Dabei betreffen ungewöhnliche Arbeitszeiten auch viele andere Wirtschaftsbereiche. Bundesweit arbeitet mittlerweile jeder vierte Beschäftigte regelmäßig am Wochenende, so der aktuelle Mikrozensus. Das sind rund neun Millionen Arbeitnehmer – und 700.000 mehr als noch im Jahr 2010. In der Hotellerie und Gastronomie liegt die Quote der Wochenendarbeiter sogar bei 86 Prozent, hat die Bundesanstalt für Arbeitsschutz und Arbeitsmedizin ermittelt. Hinzu komme die Arbeit auf Abruf, von der im Gastgewerbe jeder Vierte betroffen ist. „Wenn der Chef per WhatsApp in letzter Sekunde die Dienste verteilt, dann können Beschäftigte ihren Alltag kaum planen“, kritisiert Schleser.
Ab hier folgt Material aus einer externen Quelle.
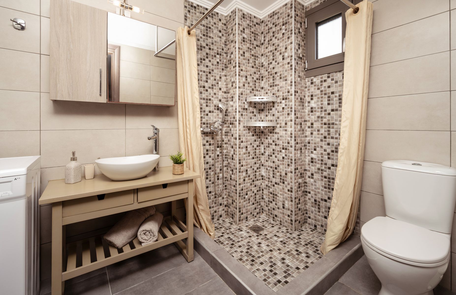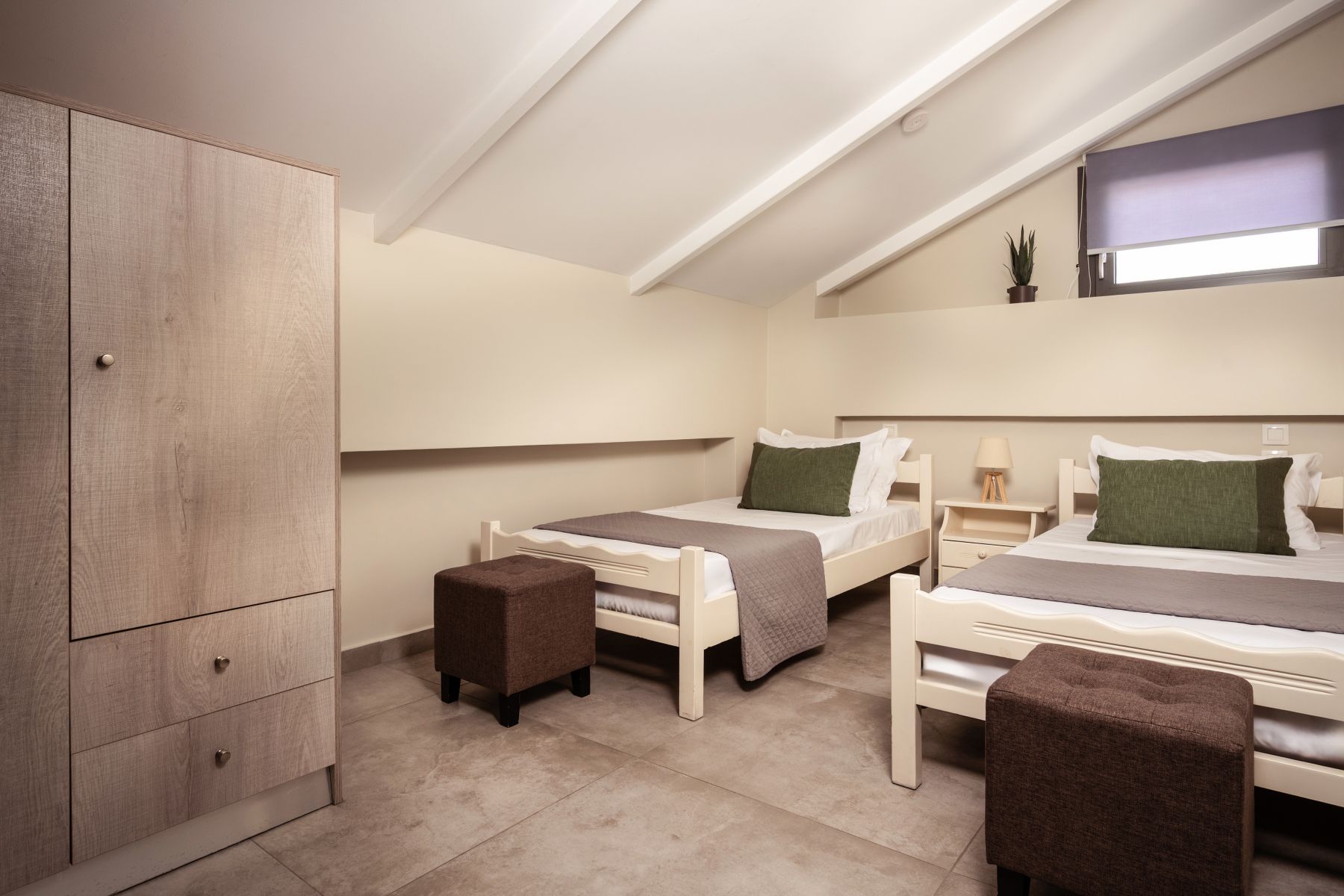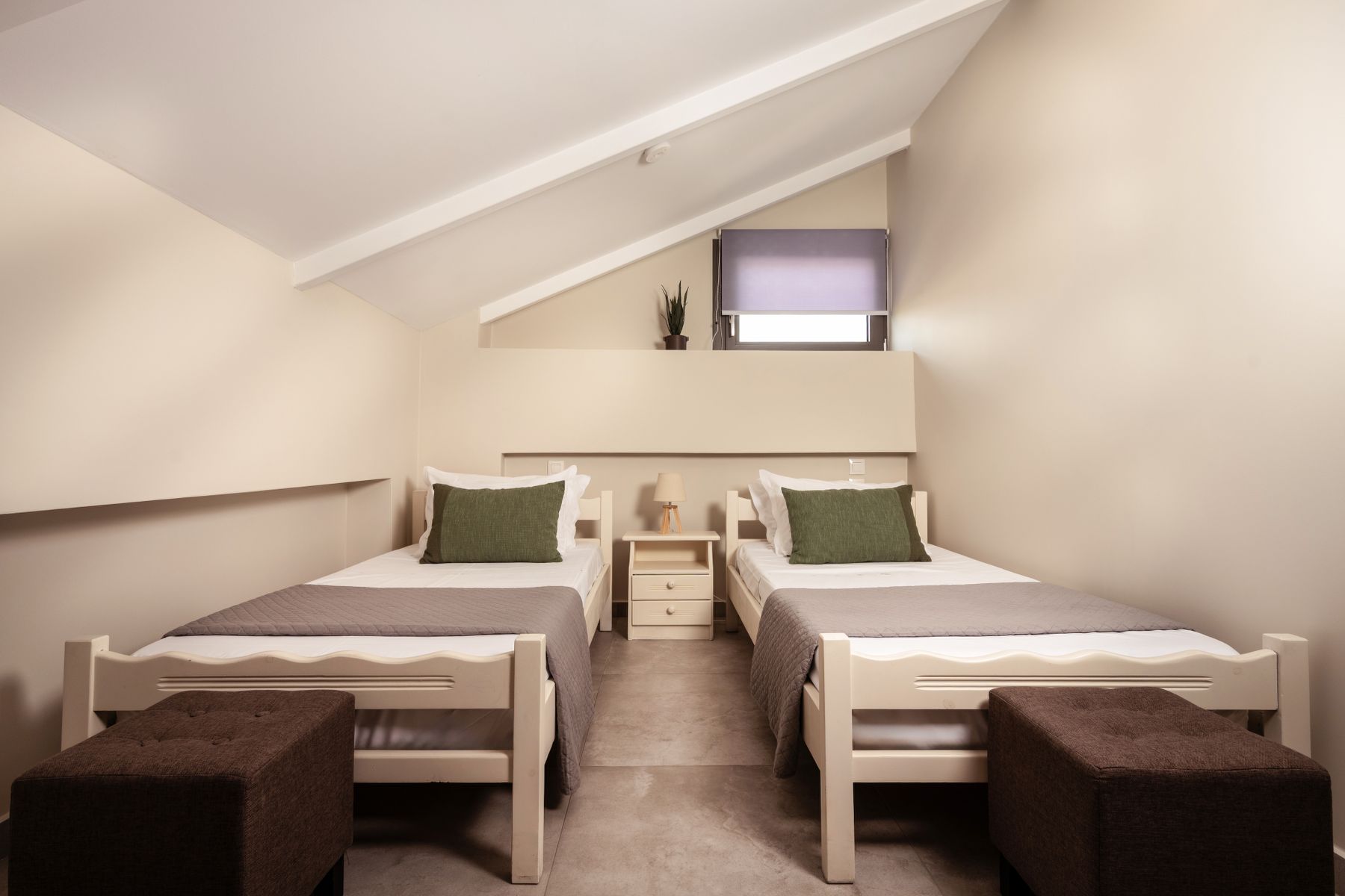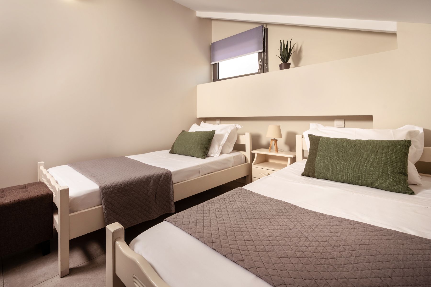 The ground floor features a comfortable living area with big windows that allow the natural light to enter the house, fully equipped kitchen, and dining space as well as a bedroom with a queen bed, and a shower-equipped bathroom. Upstairs, two bedrooms with twin beds each and an additional shared shower bathroom await. The maisonette also features an inviting outdoor veranda, complete with table, chairs, and umbrella, offering guests the perfect spot to enjoy the surroundings.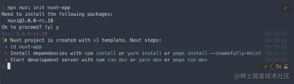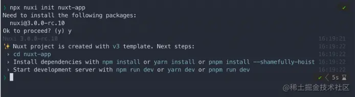 如下图,npx 会询问你是否安装最新版本的套件 nuxi@3.0.0-rc.10 输入 y 即可。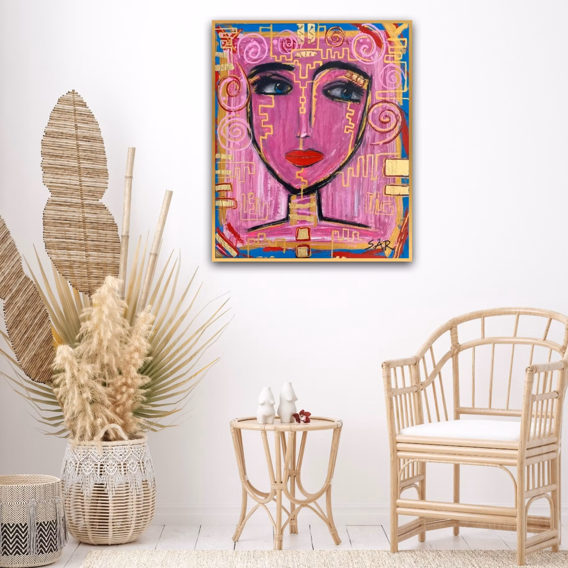 "STREAMS OF DREAMS" innehåller inslag av egyptisk inspiration. Hon utstrålar en aura av mystik och visdom. Hennes blick utrycker ett djup och en medvetenhet. Reflektera gärna över hennes inre värld och de drömmar hon bär på.
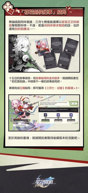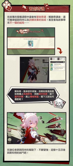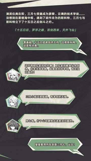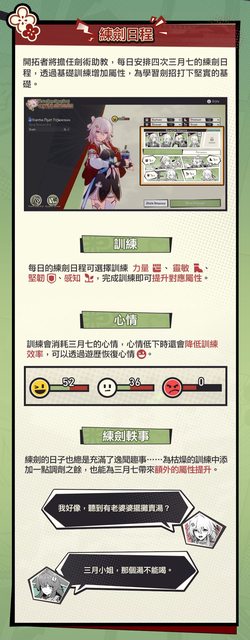 演武儀典在即,三月七受邀成為彥卿、雲璃的劍術學徒。而你將擔任她的助教,幫助她規劃 練劍日程,取得劍鬥勝利。 https://i.imgur.com/Yl6RQMQ.jpeg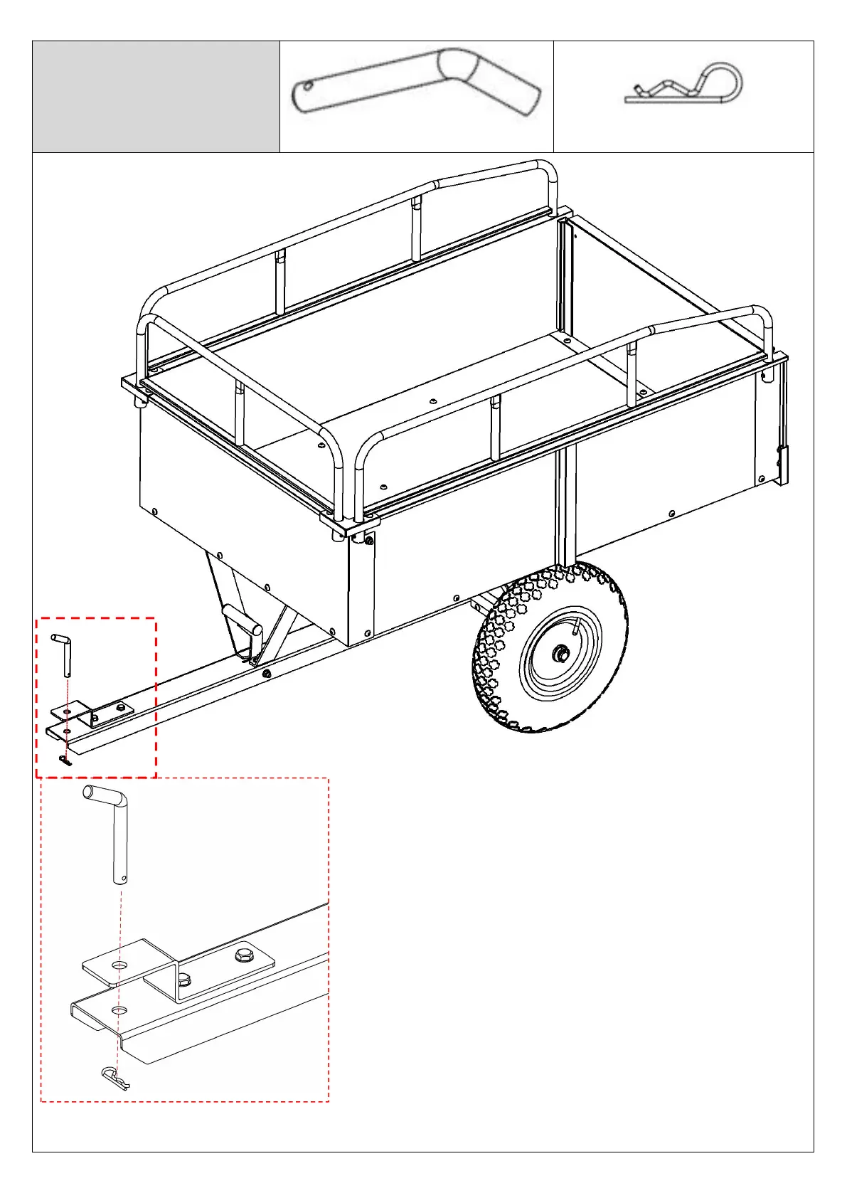 Veuillez insérer le boulon (E) dans le trou de la barre de traction (12) et le fixer avec une goupille en R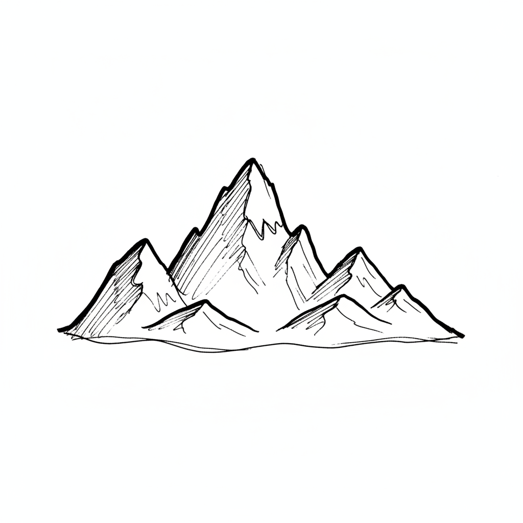 Handgezeichnete Skizze einer Bergkette mit mehreren Gipfeln in Schwarz-Weiß.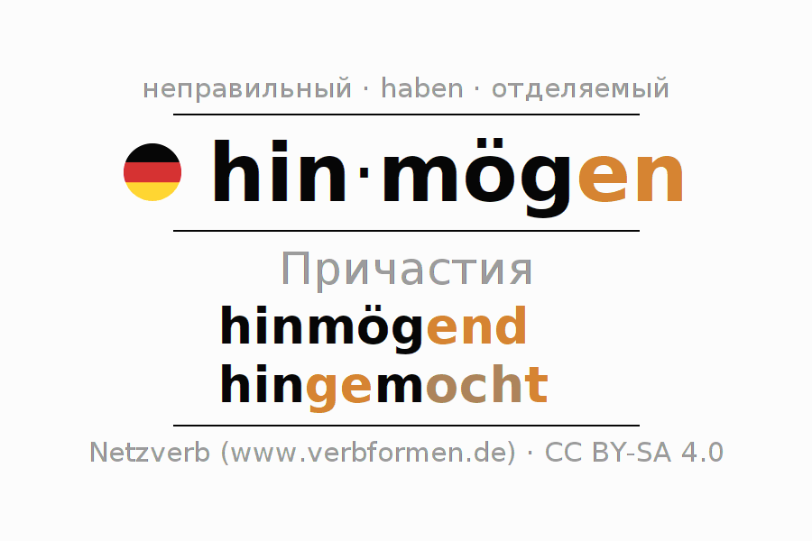 Формами причастия hinmögen (желание, тянуться) являются: {PARTIZIP 1}, {PARTIZIP 2}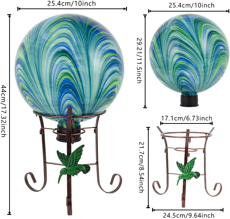 - PERFECT SIZE: This gazing ball is 10 inches in diameter and 11.5 inches high.The base of the gazing ball is 1.5 inches high and 2.1 inches in diameter.The gazing ball stand is 15 inches hih.The rubber cap on the bottom protects the edges from damage from bumps and vibrations and makes this gazing ball easier to display on a stand (stand included)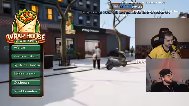 02:41:08Die Streamer starten schließlich den 'Gleich Döner Simulator' zusammen. Nach einigen technischen Startschwierigkeiten, bei denen der Discord-Echo und die Mikrofone angepasst werden müssen, beginnen sie gemeinsam ein Restaurant zu führen. Sie gestalten den Laden, indem sie ihm den Namen 'Komplett Kebab' geben und stellen die ersten Vorräte wie Hühnerdöner und Salat her. Dabei wird die Authentizität der Simulation diskutiert und die ernste Arbeitsweise im Gegensatz zum sonstigen humoristischen Stil thematisiert.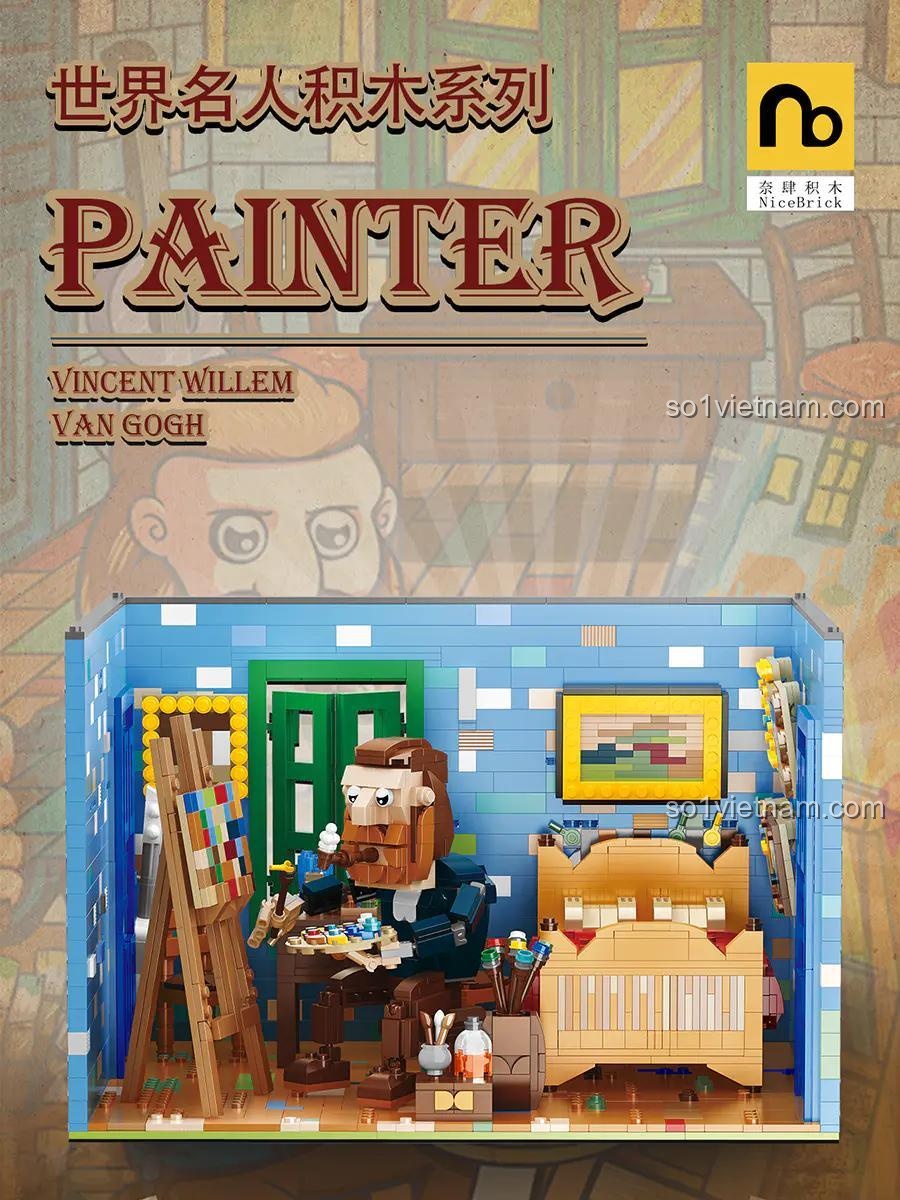 Vincent van Gogh (1853-1890) là một họa sĩ người Hà Lan, được coi là một trong những danh họa vĩ đại nhất trong lịch sử nghệ thuật phương Tây. Ông nổi tiếng với những bức tranh đầy màu sắc, cảm xúc mãnh liệt và phong cách độc đáo. Cuộc đời ông là một hành trình đầy biến động, nhưng tài năng và những đóng góp của ông cho nghệ thuật thì mãi mãi được ghi nhớ. Bộ lắp ghép NiceBrick 200616 không chỉ là một món đồ chơi, mà còn là một cách để chúng ta hiểu thêm về cuộc đời và sự nghiệp của Van Gogh, về niềm đam mê cháy bỏng với nghệ thuật của ông. Khi lắp ráp, bạn sẽ cảm nhận được sự tỉ mỉ trong từng chi tiết, từ chiếc giá vẽ quen thuộc, bảng màu rực rỡ, đến những vật dụng cá nhân đã gắn liền với ông trong quá trình sáng tạo.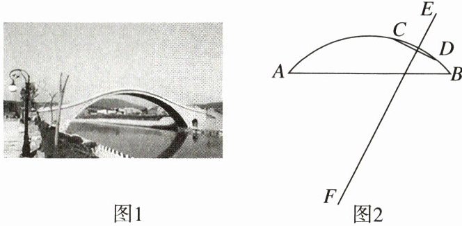 19. (8分)如图1,这是一座拱桥,用$\widehat{AB}$表示桥拱,如图2。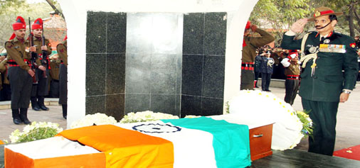 The Chief of Army Staff, General Dalbir Singh paying homage at the mortal remains of Lance Naik Hanamanthappa Koppad, in New Delhi on Thursday.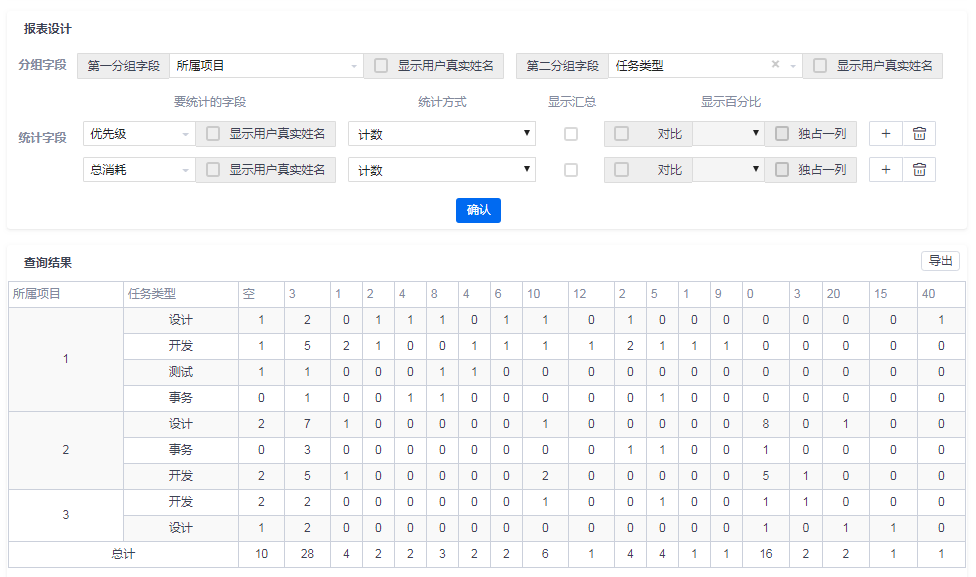 下图的报表条件是根据所属项目的任务类型按照优先级和总消耗统计。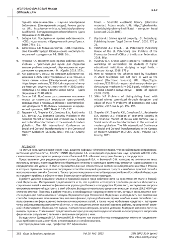 6. Алферова, Ю. О. Проблемы квалификации компьютерного мошенничества. - Научная электронная библиотека. [Электронный ресурс]. Режим доступа: URL: http://cyberleninka.ru/article/n/problemy-kvalifikatsii- kompyuternogomoshennichestva (дата обращения: 20.03.2023).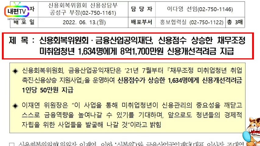 신용회복위원회, 금융산업공익재단, 신용점수 상승한 채무조정 미취업청년에게 지급하는 신용개선격려지금입니다.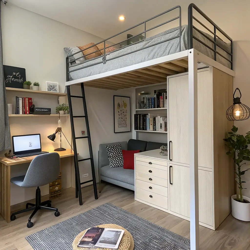 Your studio bedroom zone needs sleep-specific considerations: blackout curtains or shades, white noise options to block city sounds, and visual separation from your workspace (crucial for remote workers who need to “leave” work mentally).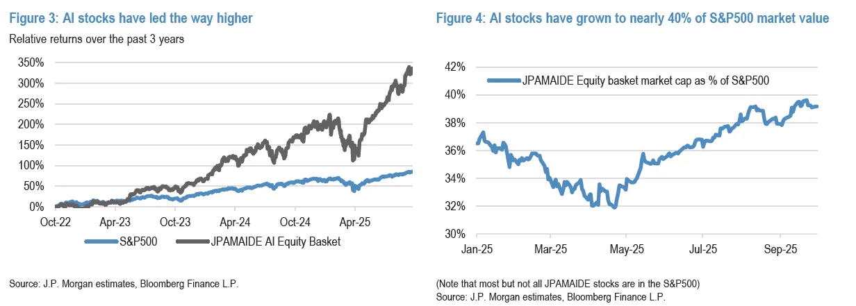 AI has been the dominant engine of U.S. equity performance since 2022, driven by a small cohort of companies whose weight and fundamentals far outpaced the rest of the market. A 30-stock AI group swelled to about 43% of S&P 500 market cap and accounted for >70% of the index’s performance contribution (ex-NVDA), with 31% cumulative sales growth versus 8% for non-AI peers and margin expansion from 17.3% → 25.2% (ex-AI margins drifted 11.4% → 11.1%). This leadership concentrates global equity beta into AI, amplifying the opportunity cost for investors underweight the theme. And in the absence of AI linked growth, performance of certain indices such as S&P 500 and earnings momentum would look materially weaker.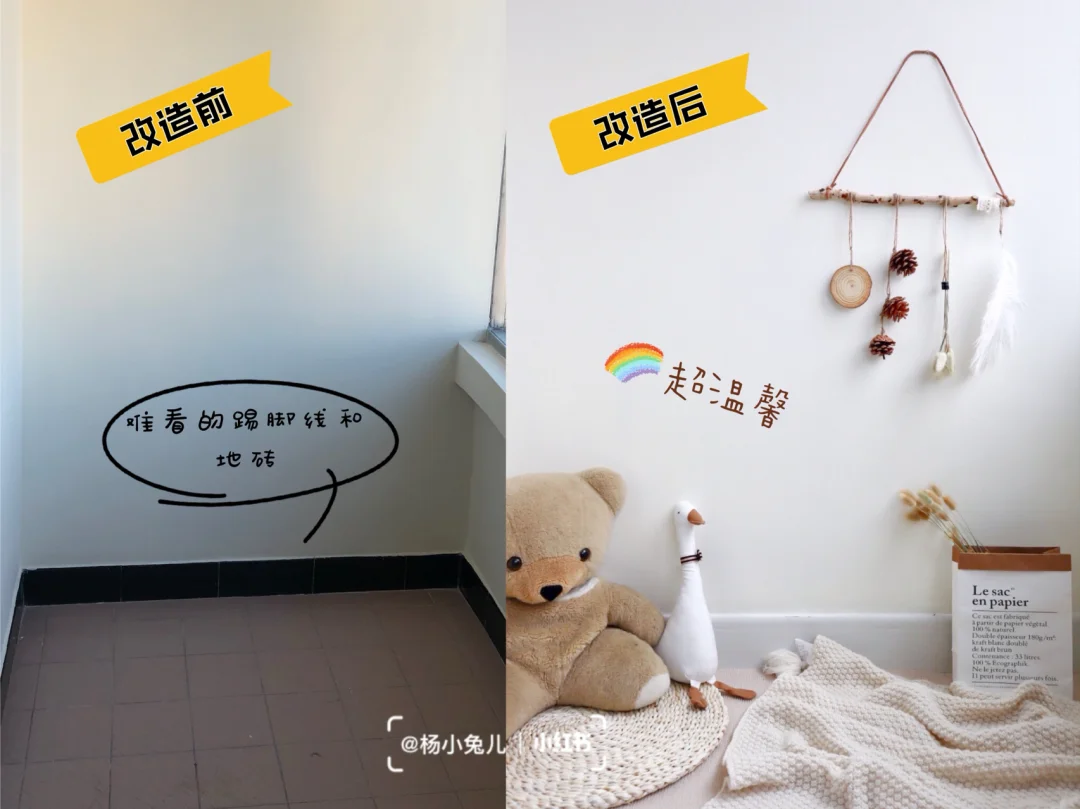 原来我家是黑色踢脚线加瓷砖地,特别土是不是…阳台改造最重要的是整体颜色和风格,我选择了米色地毯+白色踢脚线,先让空间“白净”起来,然后再布置其他道具。地毯和踢脚线需要自己动手改造,踢脚线自带背胶,地毯可以用热熔胶固定。

Statt längere Arbeitszeiten zu fordern, sollten Hoteliers und Gastronomen die Branche attraktiver machen: „Das fängt bei einer guten Ausbildungsqualität an und reicht bis zur Bezahlung nach Tarifvertrag. Und wenn das Personal Spaß an der Arbeit hat, dann kommen die Gäste auch gern wieder“.